▸ Stored items from a collection:
━━━━━━

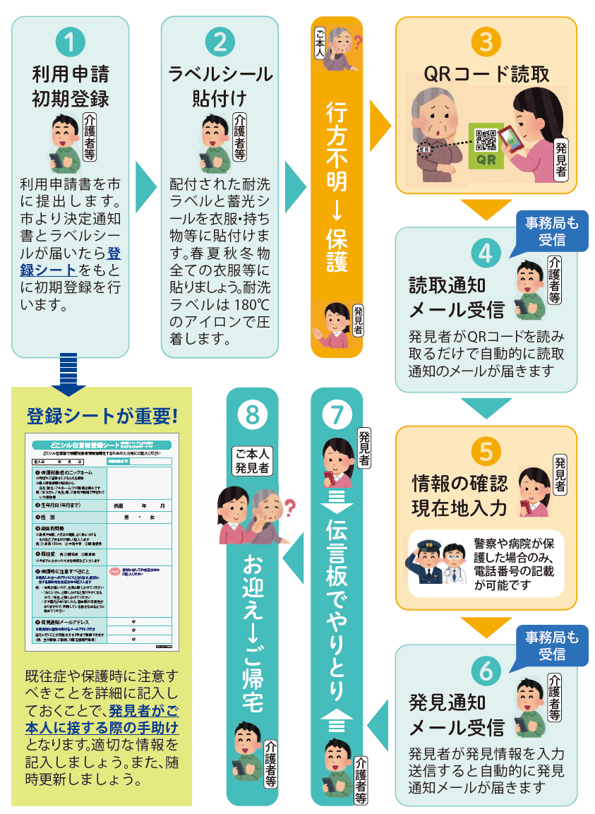 認知症等の症状により迷い人となった認知症高齢者等(若年性認知症の方を含みます)を早期に発見及び保護するための事業です。
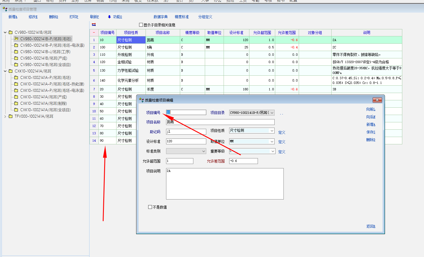 在质量检查项目编辑里,录入项目编号时,编号不能重复,不同产品的检查编号有相同的,有两个问题请求解决。
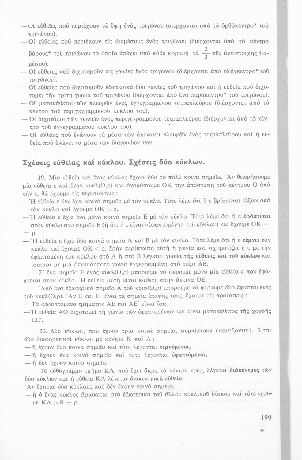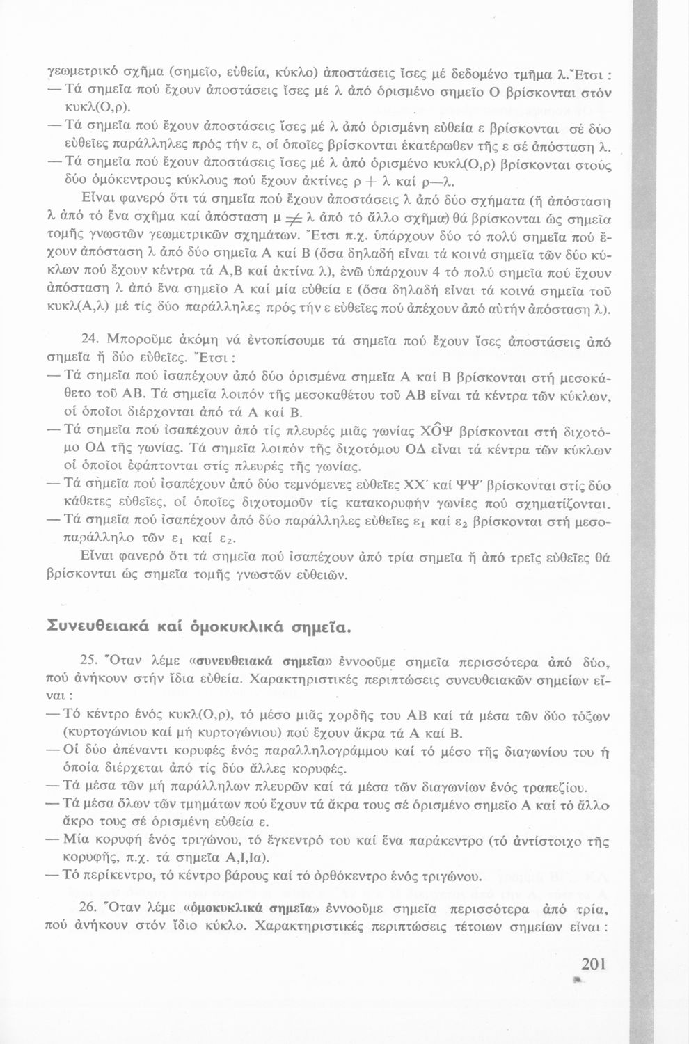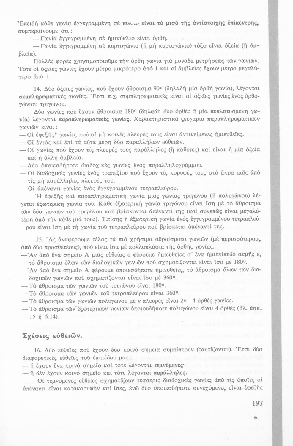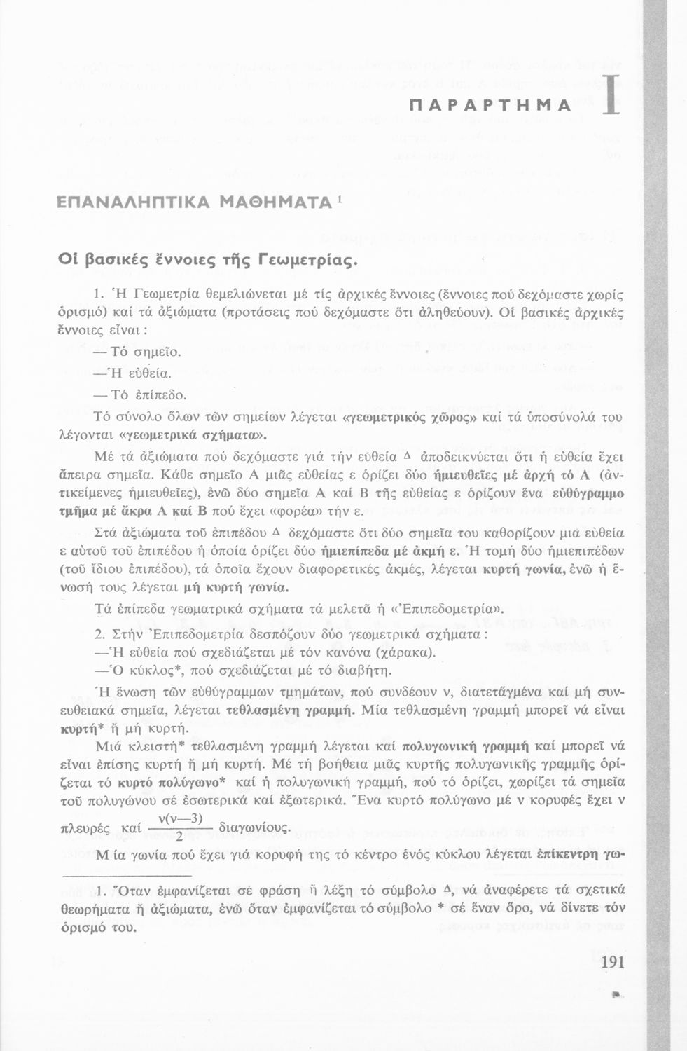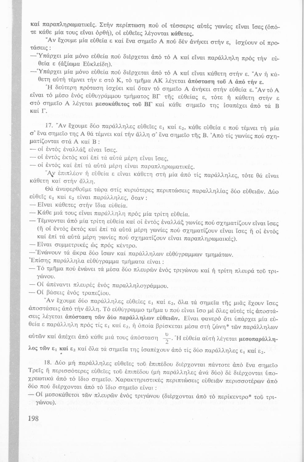 Σχολικό εγχειρίδιο Γεωμετρίας Α΄ Λυκείου χωρισμένο σε θεωρήματα, λυμένες ασκήσεις, ασκήσεις και επαναλήψεις κεφαλαίου. Περιέχει ένα παράρτημα με επαναληπτικά μαθήματα και ένα με ευρετήριο όρων.
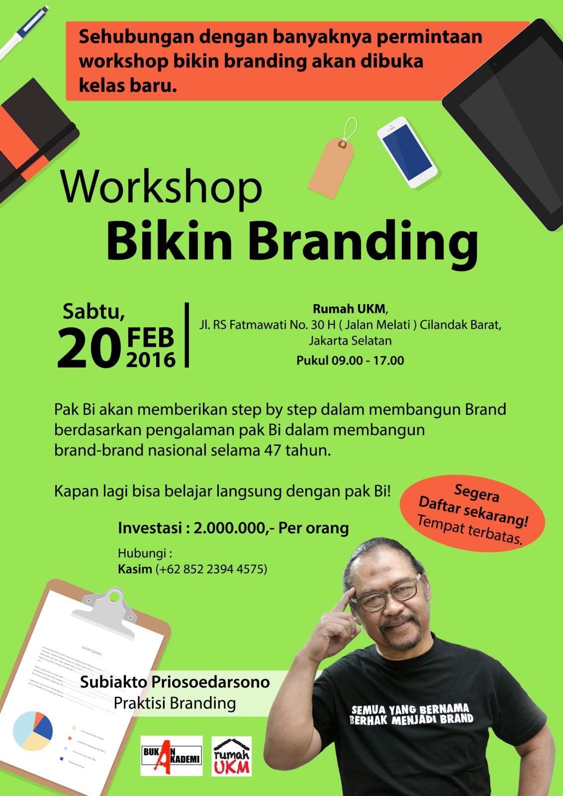 Bikin brand bareng Pak Bi tanggal 20 Februari 2016 dari pukul 9 pagi s/d pukul 5 sore. Syaratnya harus sudah punya bisnis. Hasilnya bisa langsung diimplementasikan.
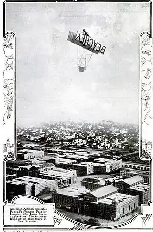 In 1912, Beachey, Parmelee, and aviation pioneer Glenn Martin performed the first night flights in California with acetylene burners, fuses, and small noise making bombs dropped over Los Angeles.[11] In 1913, Beachey took off inside the Machinery Palace on the Exposition grounds at the San Francisco World's Fair. He flew the plane at 60 miles per hour (97 km/h) and landed it, all inside the confines of the hall. His stunt speciality was the "dip-of-death", where he would take his plane up to 5,000 feet (1,500 m), and dive toward the ground at full speed with his hands outstretched. At the last moment he would level the plane and zoom down the raceway, with his hands off of the controls, gripping the control stick with his knees. In a jest aimed at Blanche Stuart Scott, another member of the Curtiss exhibition team, Beachey dressed up as a woman and pretended to be out of control in a mock terror to hundreds of thousands.[12]
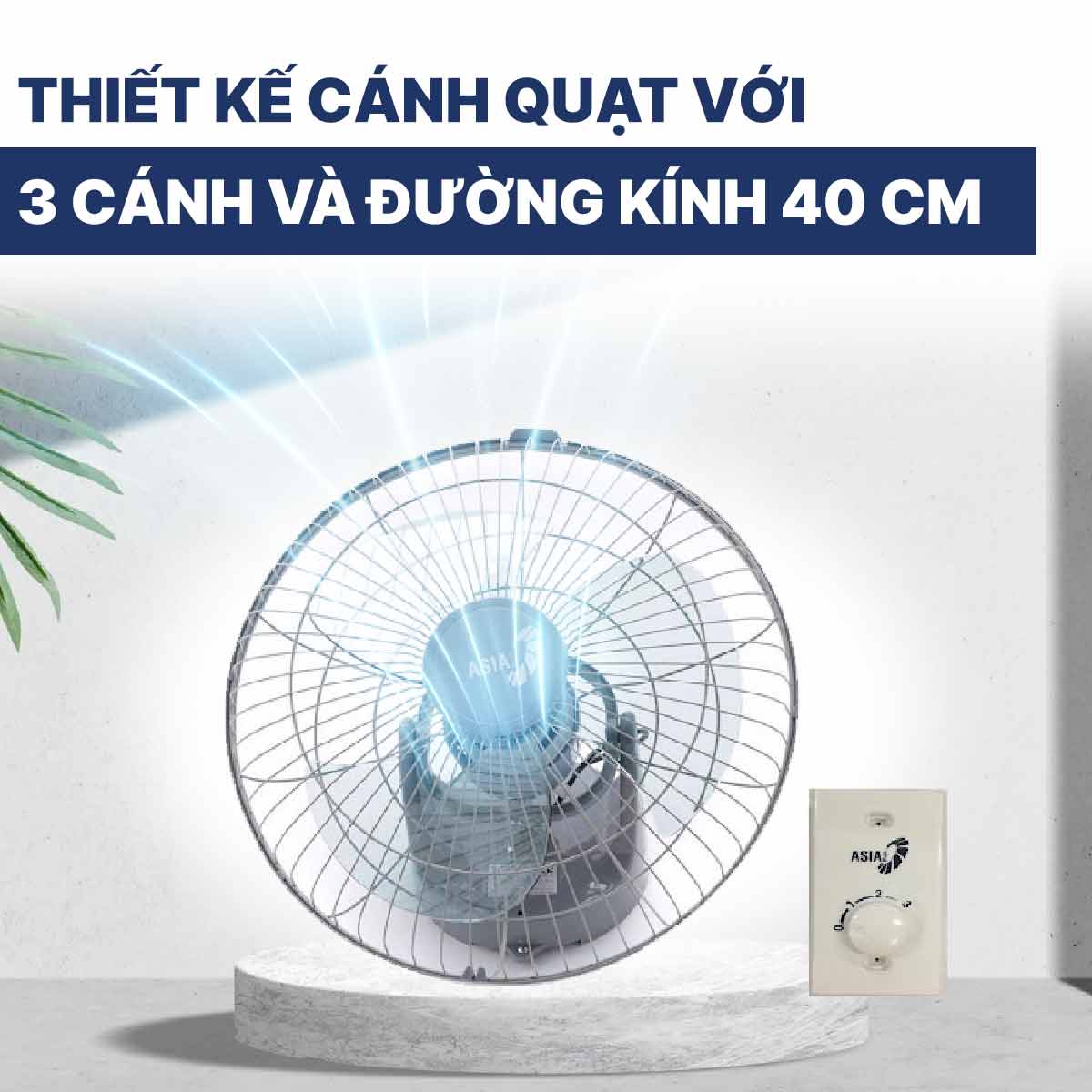 • Hiệu suất làm mát cao: Số lượng 3 cánh quạt kết hợp với đường kính 40cm mang lại khả năng tạo ra dòng gió mạnh mẽ và lan tỏa hiệu quả khắp không gian.
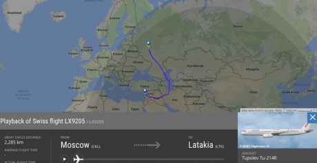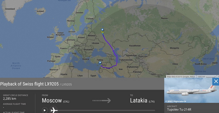 Согласно данным полетов, самолет Ту-214Р вылетел из Москвы в Латакию 29 июля и приземлился в тот же день на сирийской территории.
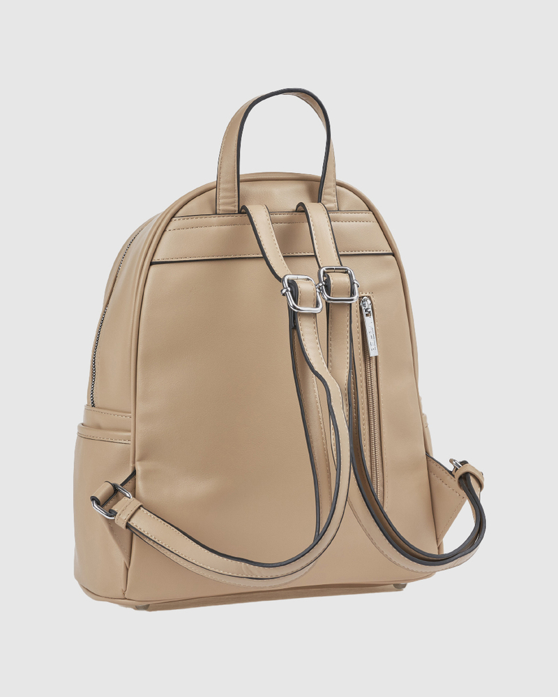 Γυναικείο σακίδιο πλάτης μοντέρνου σχεδιασμού,κατασκευασμένο από συνθετικό δέρμα υψηλής ποιότητας που προσφέρει αντοχή καικομψή εμφάνιση για καθημερινή χρήση. Διαθέτει ευρύχωρο κύριο διαμέρισμα μεεσωτερική θήκη και πρακτικές εσωτερικές τσέπες για καλύτερη οργάνωση, καθώς καιπρόσθετη εξωτερική τσέπη με φερμουάρ για εύκολη πρόσβαση στα απαραίτητα. Ταρυθμιζόμενα λουριά πλάτης εξασφαλίζουν άνετη εφαρμογή, ενώ το διαχρονικό του design το καθιστά ιδανική επιλογή τόσο για πρωινές όσο και για απογευματινέςεμφανίσεις, συνδυάζοντας λειτουργικότητα και στυλ. Συνοδεύεται απόπροστατευτική θήκη.
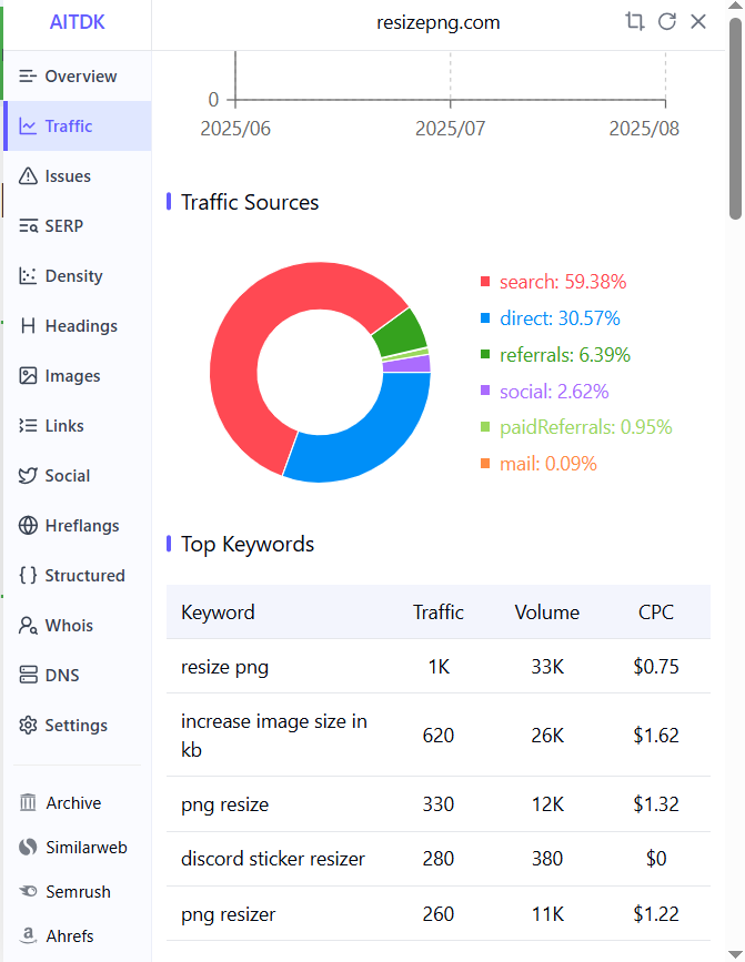 看到这里,我想大家应该明白了,原来它还找了很多的细分长尾词,而且每个还都做了落地页,比如“512×512 Resizer”, “300×300 Resizer”等具体尺寸,这是一个非常聪明的站长。它直接捕获了像 “512x512 png resizer”, “resize image to 300x300” 这类具有极高转化率的长尾搜索。
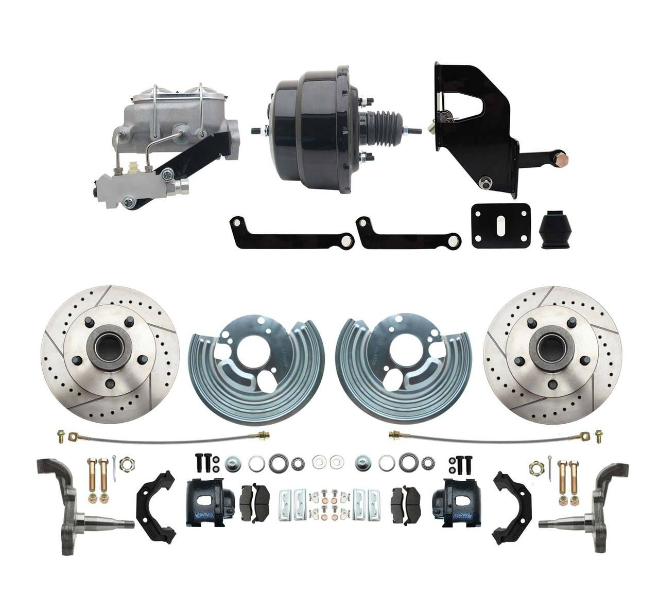 DBK6272LXB-MP-705 1962-72 Mopar B&E Body Front Disc Brake Conversion Kit w/ Drilled & Slotted Rotors & Powder Coated Black Calipers ( Charger, Challenger, Coronet) w/ 8" Dual Powder Coated Black Booster Conversion Kit Aluminum Dual Master & Valve
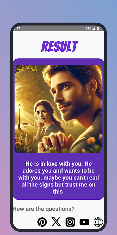 Heb je jezelf ooit afgevraagd: 'Vindt hij mij leuk?' Ontdek het antwoord met onze Does He Like Me Quiz-app! Deze leuke en gebruiksvriendelijke app is ontworpen om je te helpen de signalen en gevoelens van je geliefde te ontcijferen en biedt alle inzichten die je nodig hebt.

━━━━━━

An exact copy of all the lines above is required, with the pictures removed.

 認知症等の症状により迷い人となった認知症高齢者等(若年性認知症の方を含みます)を早期に発見及び保護するための事業です。
 在质量检查项目编辑里,录入项目编号时,编号不能重复,不同产品的检查编号有相同的,有两个问题请求解决。
 Σχολικό εγχειρίδιο Γεωμετρίας Α΄ Λυκείου χωρισμένο σε θεωρήματα, λυμένες ασκήσεις, ασκήσεις και επαναλήψεις κεφαλαίου. Περιέχει ένα παράρτημα με επαναληπτικά μαθήματα και ένα με ευρετήριο όρων.
 Bikin brand bareng Pak Bi tanggal 20 Februari 2016 dari pukul 9 pagi s/d pukul 5 sore. Syaratnya harus sudah punya bisnis. Hasilnya bisa langsung diimplementasikan.
 In 1912, Beachey, Parmelee, and aviation pioneer Glenn Martin performed the first night flights in California with acetylene burners, fuses, and small noise making bombs dropped over Los Angeles.[11] In 1913, Beachey took off inside the Machinery Palace on the Exposition grounds at the San Francisco World's Fair. He flew the plane at 60 miles per hour (97 km/h) and landed it, all inside the confines of the hall. His stunt speciality was the "dip-of-death", where he would take his plane up to 5,000 feet (1,500 m), and dive toward the ground at full speed with his hands outstretched. At the last moment he would level the plane and zoom down the raceway, with his hands off of the controls, gripping the control stick with his knees. In a jest aimed at Blanche Stuart Scott, another member of the Curtiss exhibition team, Beachey dressed up as a woman and pretended to be out of control in a mock terror to hundreds of thousands.[12]
 • Hiệu suất làm mát cao: Số lượng 3 cánh quạt kết hợp với đường kính 40cm mang lại khả năng tạo ra dòng gió mạnh mẽ và lan tỏa hiệu quả khắp không gian.
 Согласно данным полетов, самолет Ту-214Р вылетел из Москвы в Латакию 29 июля и приземлился в тот же день на сирийской территории.
 Γυναικείο σακίδιο πλάτης μοντέρνου σχεδιασμού,κατασκευασμένο από συνθετικό δέρμα υψηλής ποιότητας που προσφέρει αντοχή καικομψή εμφάνιση για καθημερινή χρήση. Διαθέτει ευρύχωρο κύριο διαμέρισμα μεεσωτερική θήκη και πρακτικές εσωτερικές τσέπες για καλύτερη οργάνωση, καθώς καιπρόσθετη εξωτερική τσέπη με φερμουάρ για εύκολη πρόσβαση στα απαραίτητα. Ταρυθμιζόμενα λουριά πλάτης εξασφαλίζουν άνετη εφαρμογή, ενώ το διαχρονικό του design το καθιστά ιδανική επιλογή τόσο για πρωινές όσο και για απογευματινέςεμφανίσεις, συνδυάζοντας λειτουργικότητα και στυλ. Συνοδεύεται απόπροστατευτική θήκη.
 看到这里,我想大家应该明白了,原来它还找了很多的细分长尾词,而且每个还都做了落地页,比如“512×512 Resizer”, “300×300 Resizer”等具体尺寸,这是一个非常聪明的站长。它直接捕获了像 “512x512 png resizer”, “resize image to 300x300” 这类具有极高转化率的长尾搜索。
 DBK6272LXB-MP-705 1962-72 Mopar B&E Body Front Disc Brake Conversion Kit w/ Drilled & Slotted Rotors & Powder Coated Black Calipers ( Charger, Challenger, Coronet) w/ 8" Dual Powder Coated Black Booster Conversion Kit Aluminum Dual Master & Valve
 Heb je jezelf ooit afgevraagd: 'Vindt hij mij leuk?' Ontdek het antwoord met onze Does He Like Me Quiz-app! Deze leuke en gebruiksvriendelijke app is ontworpen om je te helpen de signalen en gevoelens van je geliefde te ontcijferen en biedt alle inzichten die je nodig hebt.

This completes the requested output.